Blackmore - The Last Waltz

      Blackmore - The Last Waltz

      Liebe Blackmorians,

      der Ort ist Schloß Eggersberg bei Regensburg, der Zeitpunkt ein Donnerstagabend im August 2007.

      Der Meister hält Hof, members only, und weil die BN-Plattenfirma den von weither eingeflogenen Mann rechtzeitig mit Engelszungen angepriesen hat, geht Carole Stevens sofort zur Charme-Offensive über: eine TV-Dokumentation, ihr Ritchie und ihre Candice exklusiv im deutschen Fernsehen? Das wäre allerdings mal was anderes als immer nur German Mittagsfernsehen oder “Die besten Sowiesos”, als dieses Playback-Gemime bei Andrea Kiewel oder Hugo Egon Balder.

      Der Bodyguard ist argwöhnisch, aber das ist bei solchen Leuten eine déformation professionelle, eine Berufskrankheit: Hey, komische Kappe, die du da trägst, Mann... (Soll heißen: Sieh dich vor!)

      Aber dann: Fanfaren, Herolde, im Wind flatternde Fahnen – die Majestäten lassen bitten.

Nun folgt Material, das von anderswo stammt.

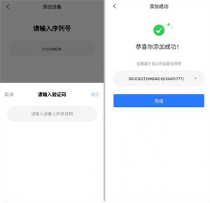 在APP首页点击“添加设备”,在扫描添加设备界面右上角点击“手动添加”输入设备序列号及验证码,即可成功添加设备并修改设备名称。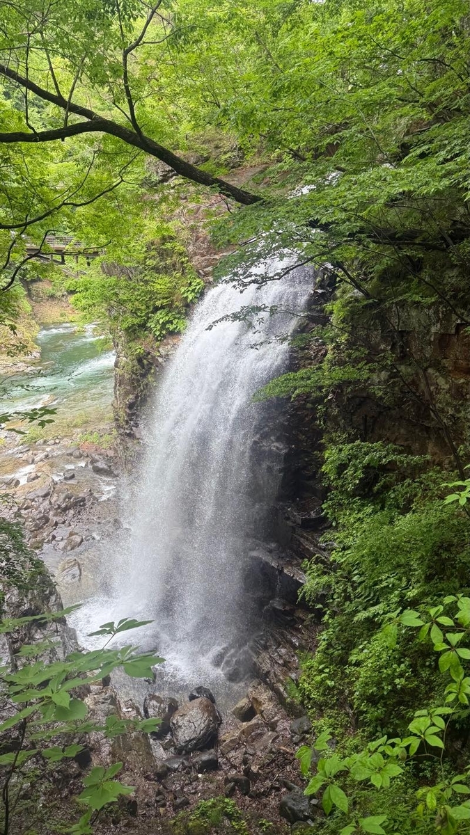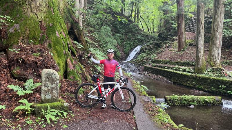 正面の滝は虹見の滝です。滝のある野沢は角関輝者関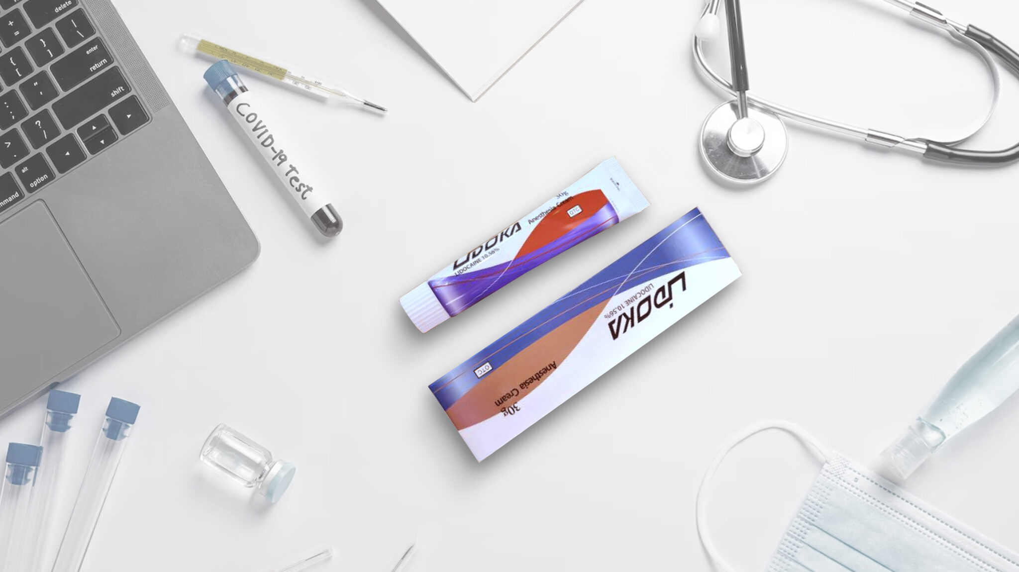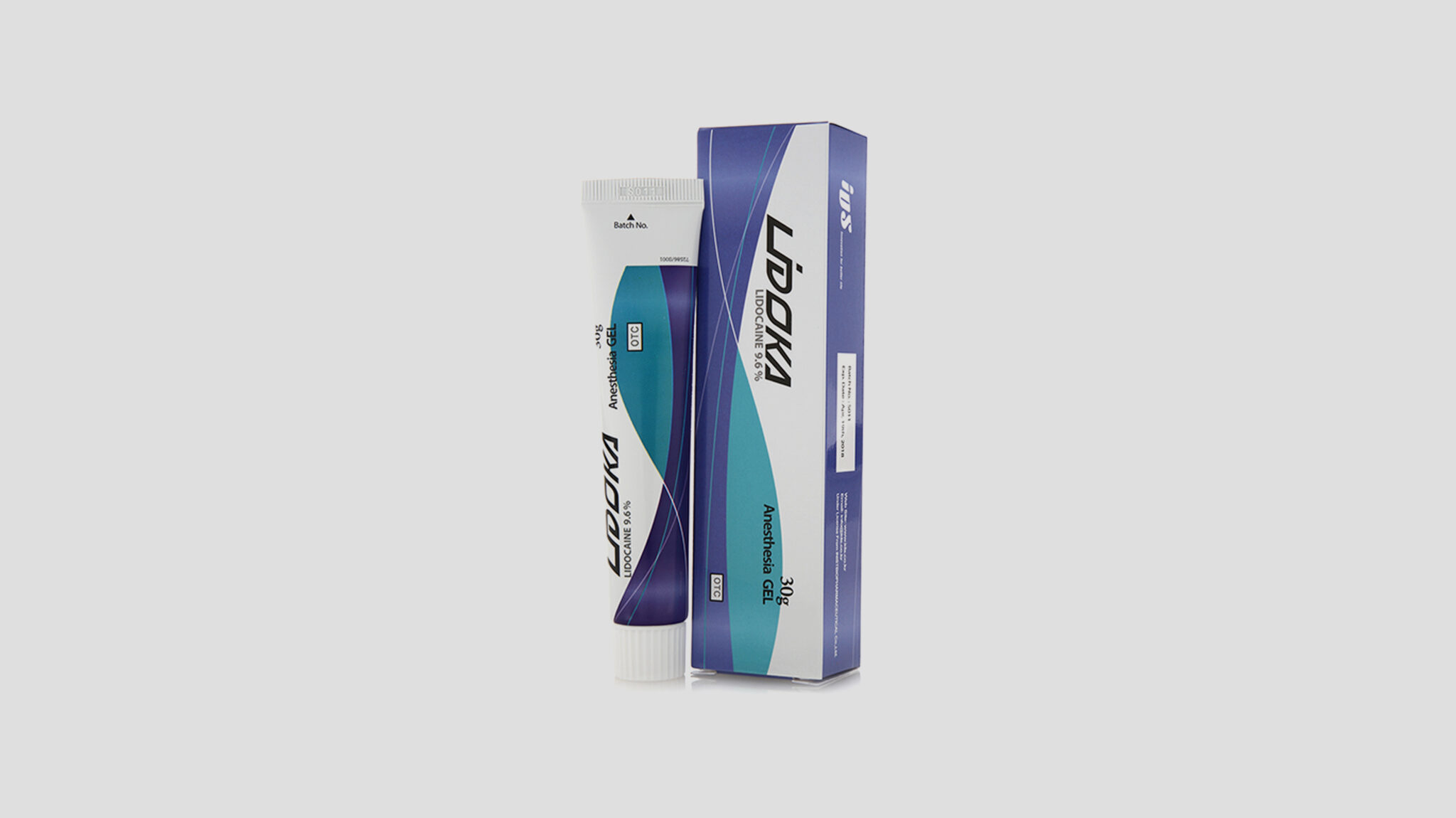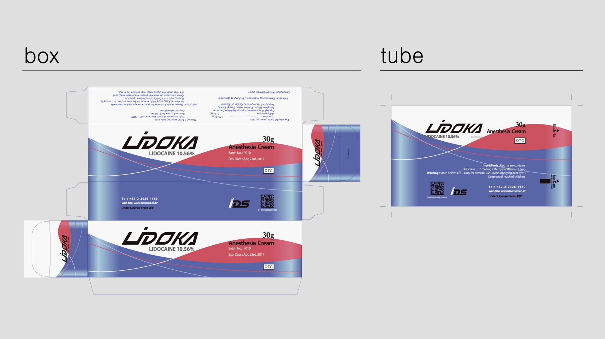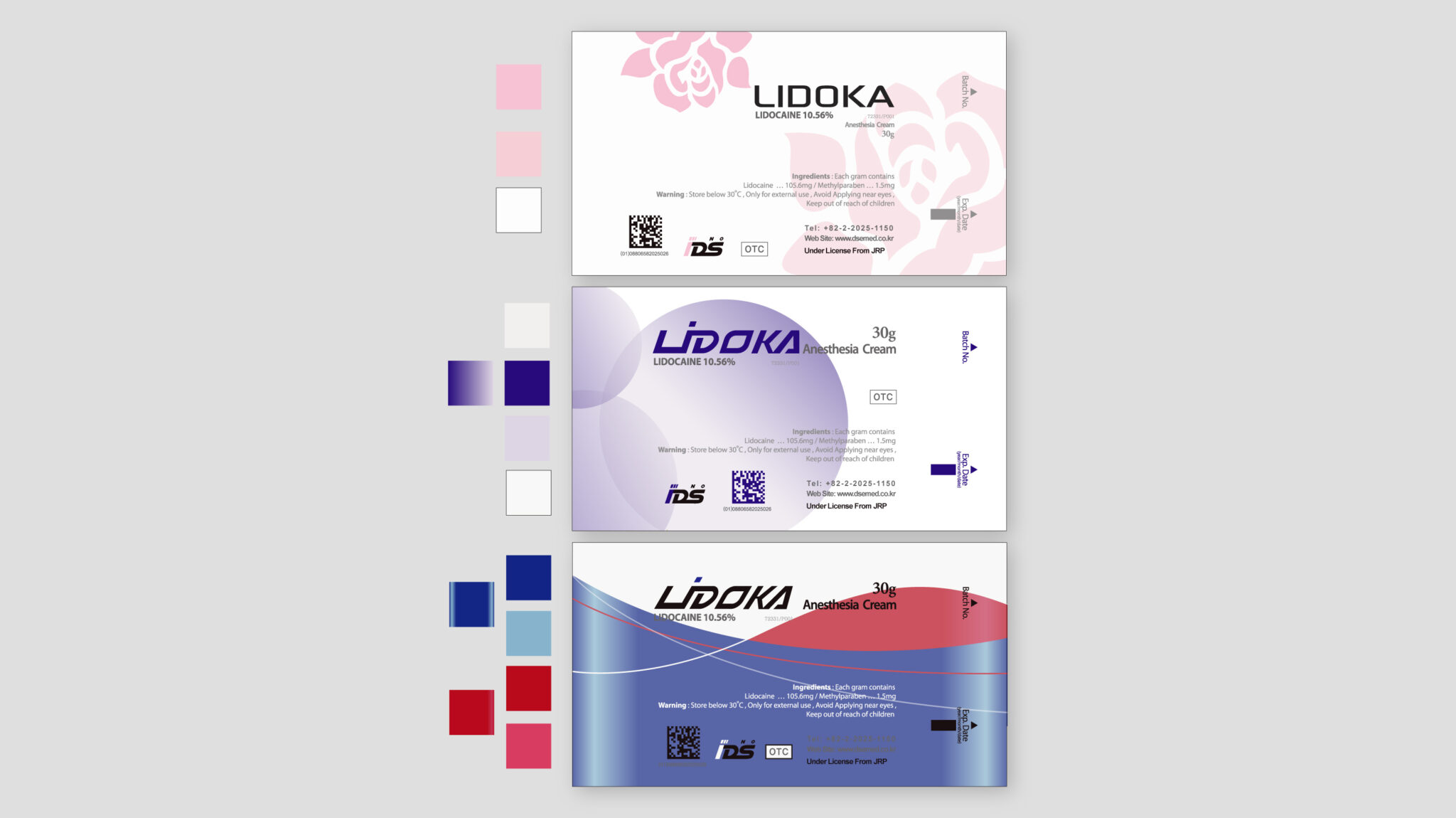 A Dynamic Diagonal Graphic Structure is applied over this base, lending technical energy and a modern sensibility to the pharmaceutical packaging. Colors such as orange and blue function as a Color Coding System for Intuitive Classification, helping medical staff quickly identify and select products. The product name, LIDOKA, is placed using high-contrast typography to enhance Rapid Information Accessibility and Professionalism while serving as a key branding element.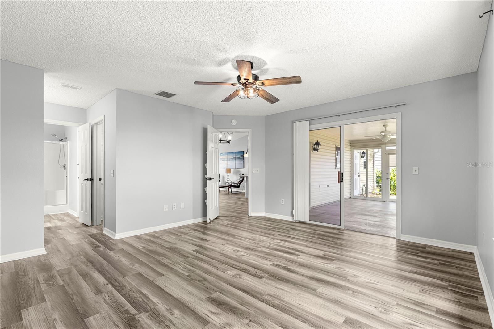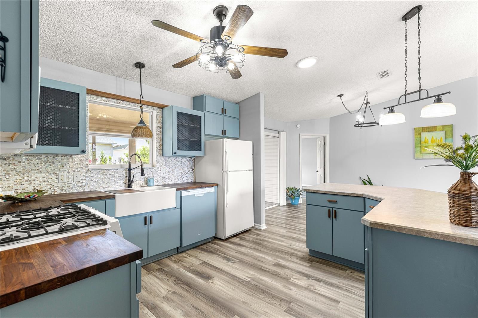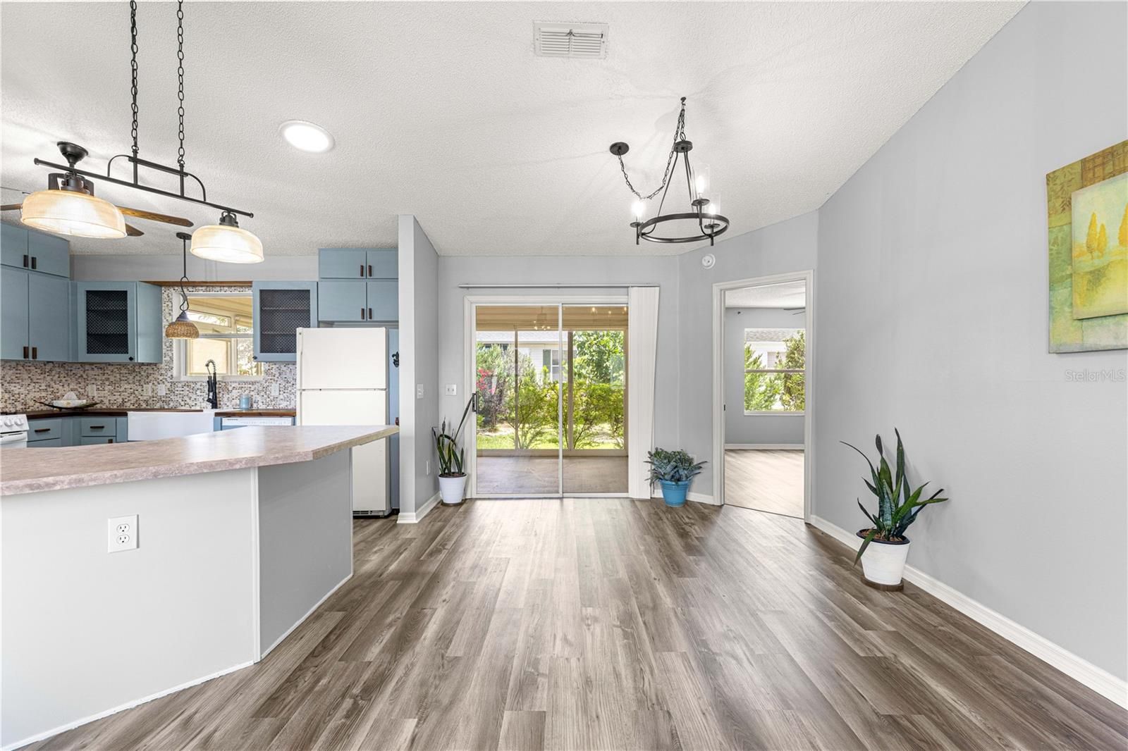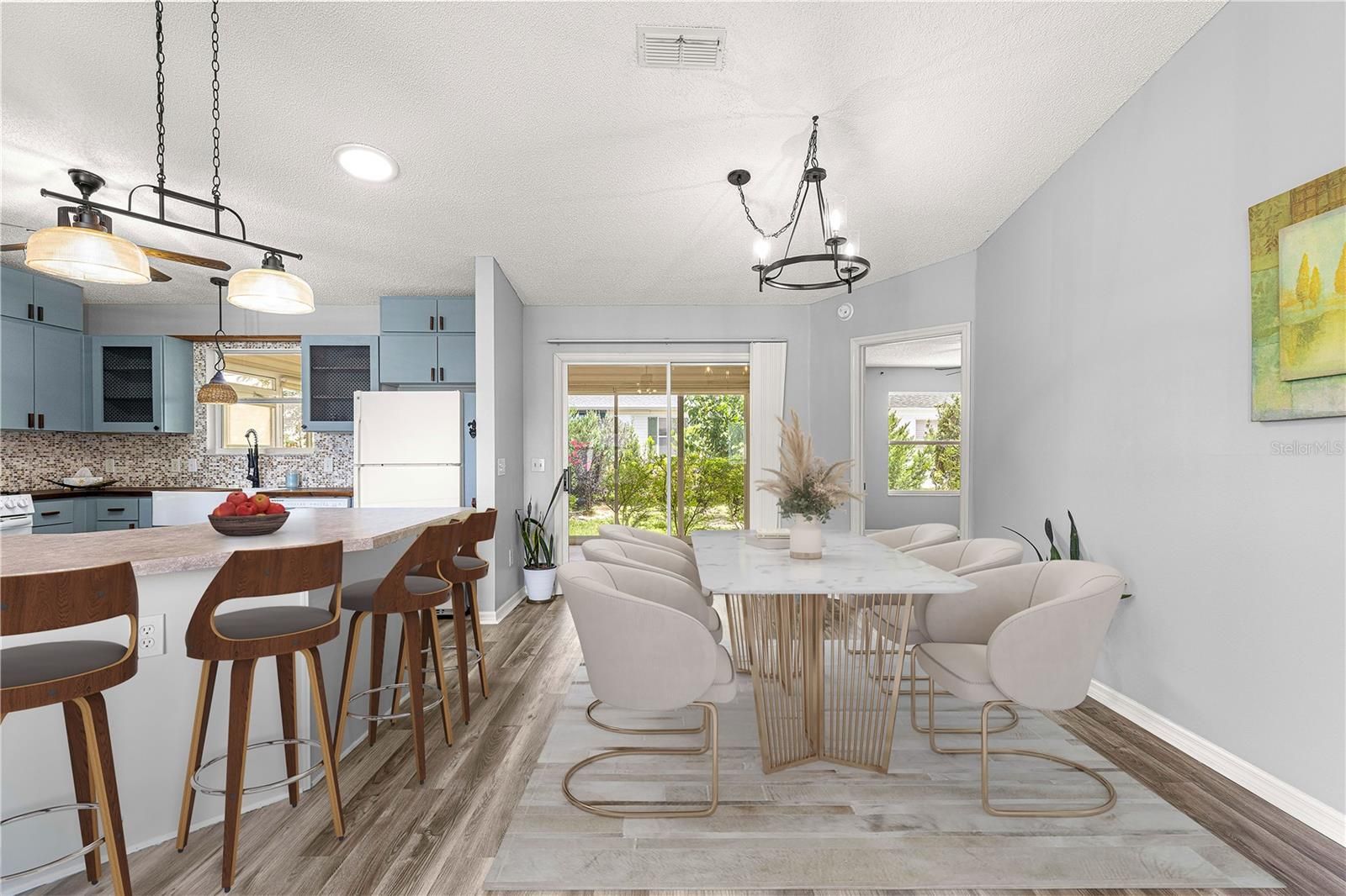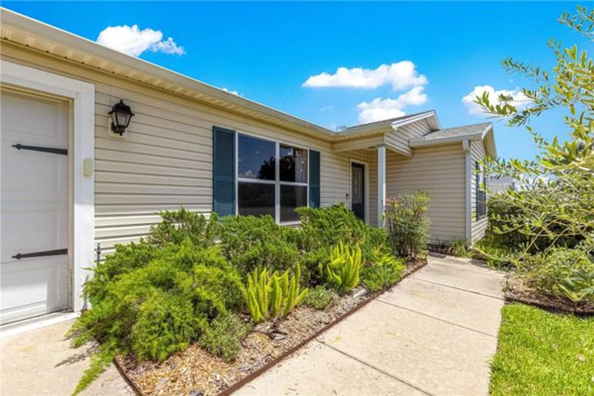 One or more photo(s) has been virtually staged. Start living The Villages® lifestyle today! Well cared for 2 bedroom, 2 bath home, located near Spanish Springs Town Square® - BOND IS PAID ! The home offers an open floor plan with HIGH CEILING - in the living, dining and kitchen area - Luxury Vinyl Plank Flooring is throughout the entire home - NO CARPET - The Kitchen has custom TEAK and laminate counter tops, gas range, expanded cabinets along with under cabinet lighting, shell backsplash, a large farm sink with a goose neck faucet, updated lighting, a sliding spice rack and a solar tube - The Livingroom and Dining area layout is perfect for entertaining friends and family - The owners bedroom has a sliding door to the lanai, ceiling fan, and a WALK in Closet! The ensuite bath offers a step in shower with a glass door and a handheld shower head - The GUEST area has a Barndoor to offer privacy for your guest! The guest bedroom has an updated ceiling fan - The guest bath offers a shower/tub combination and a solar tube - The 20' x 12' Lanai is GLASSED enclosed, and has a ceiling fan and PRIVACY LANDSCAPING! The yard is also enhanced with 5 fruit trees - Orange, Peach, Mulberry, Loquat and Italian Black Olives ! The garage offers a keyless entry, utility sink along with washer and dryer - The ROOF WAS REPLACED IN 2018 & HVAC 2016 - The home is conveniently located near The Savannah Regional Recreation Center, El Santiago Village Recreation Center, Glenview Golf and Country Club, The Villages® Polo Club & Saddlebrook Softball Complex- where pools, tennis, pickleball and so much more - are all just a golf car ride away!

      Der einzig besetzte Tisch im Schloßrestaurant ist der in der Ecke. Er ist noch nicht ganz abgeräumt, und sie sitzen einander auch nicht gegenüber, der sehr, sehr bekannte Mann und die auch schon recht bekannte Frau, sondern einträchtig nebeneinander: Ritchie ganz außen, mit dem Rücken zur Wand (a matter of self-defence), und Candice, amerikanisch strahlend, neugierig, zur offenen Tür blickend.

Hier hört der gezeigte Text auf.